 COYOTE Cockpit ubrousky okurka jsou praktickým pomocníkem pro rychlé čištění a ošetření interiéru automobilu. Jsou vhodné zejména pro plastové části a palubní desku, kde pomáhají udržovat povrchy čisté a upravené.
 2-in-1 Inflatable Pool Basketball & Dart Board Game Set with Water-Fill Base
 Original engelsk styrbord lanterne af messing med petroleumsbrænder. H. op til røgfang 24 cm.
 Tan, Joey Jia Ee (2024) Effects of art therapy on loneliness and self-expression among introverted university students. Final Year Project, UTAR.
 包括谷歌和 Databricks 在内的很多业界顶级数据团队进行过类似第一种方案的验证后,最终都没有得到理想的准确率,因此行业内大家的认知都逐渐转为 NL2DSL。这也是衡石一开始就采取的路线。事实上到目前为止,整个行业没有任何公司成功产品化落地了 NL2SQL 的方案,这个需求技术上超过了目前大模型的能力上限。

--

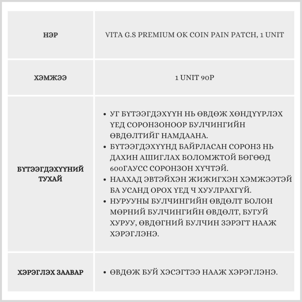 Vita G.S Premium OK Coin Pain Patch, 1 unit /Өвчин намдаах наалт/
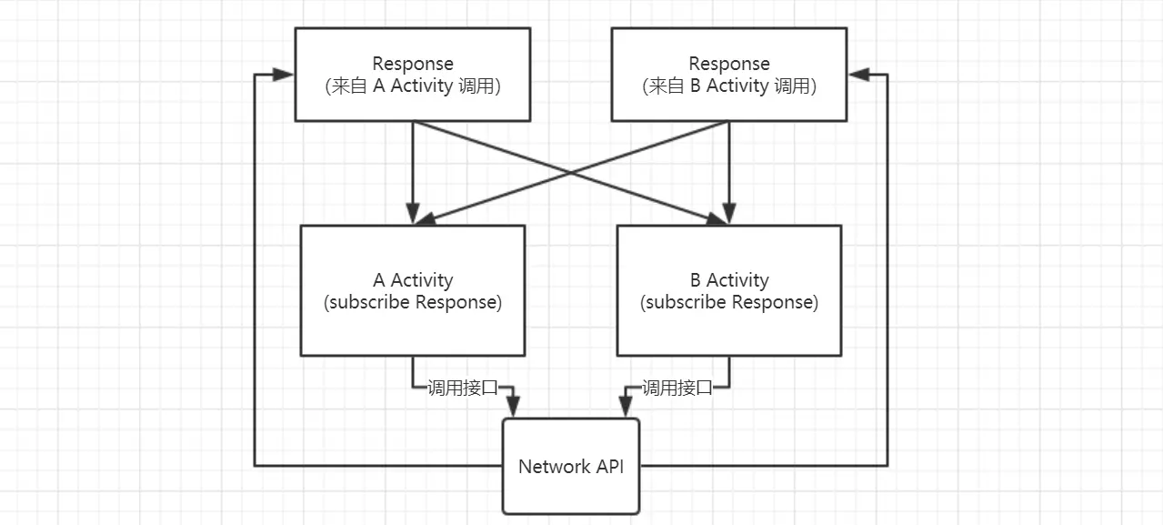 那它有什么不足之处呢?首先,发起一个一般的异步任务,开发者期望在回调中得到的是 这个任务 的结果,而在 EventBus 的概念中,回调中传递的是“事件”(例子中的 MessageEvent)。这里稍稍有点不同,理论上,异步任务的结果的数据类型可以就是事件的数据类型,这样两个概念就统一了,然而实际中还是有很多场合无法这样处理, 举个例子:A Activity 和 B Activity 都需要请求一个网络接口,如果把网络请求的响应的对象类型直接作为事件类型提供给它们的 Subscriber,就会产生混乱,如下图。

### How to complete this task
In the listing above, locate the line containing "COYOTE Cockpit ubrousky" and the line containing "Original engelsk styrbord". Extract those two lines and every line between them, exactly as written, and only those.

### Response to this exercise
 COYOTE Cockpit ubrousky okurka jsou praktickým pomocníkem pro rychlé čištění a ošetření interiéru automobilu. Jsou vhodné zejména pro plastové části a palubní desku, kde pomáhají udržovat povrchy čisté a upravené.
 2-in-1 Inflatable Pool Basketball & Dart Board Game Set with Water-Fill Base
 Original engelsk styrbord lanterne af messing med petroleumsbrænder. H. op til røgfang 24 cm.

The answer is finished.